# EvoPrompt Demo
> In this notebook we will implement EvoPrompt(GA) with GPT-3.5 using OpenAI's API. This implementation leverages a Genetic Algorithm as the evolutionary operator.

## Setup:

In [1]:
import transformers
import openai
import rouge_score
import pandas as pd
import random
import numpy as np

In [2]:
from googleapiclient import discovery
with open("C:/Users/danie/OneDrive/Desktop/openai_youtube_api_key.txt") as f:
    api_key = f.readline()

openai.api_key = api_key

#### Let's look at a sample of how to use OpenAI's ChatCompletion endpoint so we know what to give our algorithm.

In [14]:
response = openai.ChatCompletion.create(
    model="gpt-3.5-turbo-0613",
    messages=[
        {"role": "system", "content": "You are a first grade english teacher."},
        {"role": "user", "content": "Explain in as few words as possible how to structure a paragraph to a seven year old."}
    ]
)
print(response['choices'][0]['message']['content'])

A paragraph is like a sandwich. It has a topic sentence at the beginning, details in the middle, and a closing sentence at the end.

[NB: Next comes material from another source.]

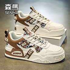 森马男鞋秋季情侣百搭休闲厚底真皮板鞋运动内增高空军小麦色潮鞋
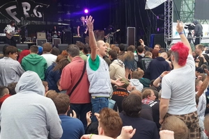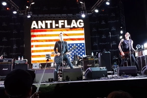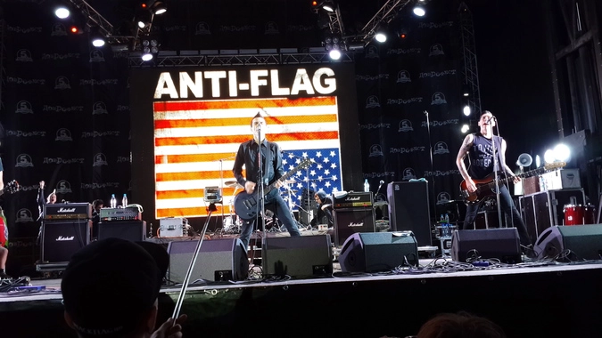 Герои дня, конечно, Anti-Flag: очень лихо отыграли, разбили барабанную установку, вместо микрофона попели в мегафон, выступление завершили выходом к зрителям, предварительно переместив на танцпол установку. Тот, кто знаком с тематикой их текстов и манерой выступлений, догадывается, что американцы в перерывах между песнями говорили слова, призывающие не верить государствам и их медиа-политике. Вот наиболее значимые отрывки из речи фронтмена:

It looks like we need to provide a role and a user query. 

## Implementation:

Let's make our implementation match our pseudocode as closely as possible:
![EvoPrompt(GA)_pseudocode.png](attachment:EvoPrompt(GA)_pseudocode.png)

In [4]:
def AddHumanEngineeredPrompts():
    messages = []
    role = "You are an AI assistant. You will be given a task. Complete the task and explain in detail how you came to your conclusion."
    user_query = """Your task is to determine if the following two sentences convey the same meaning. First, answer either with yes or no, then explain your reasoning. 
Sentence 1: The dog eagerly dug up the ground to find the bone it had buried yesterday.
Sentence 2: Excited to retrieve what it hid, the dog unearthed the bone it stashed away the previous day."""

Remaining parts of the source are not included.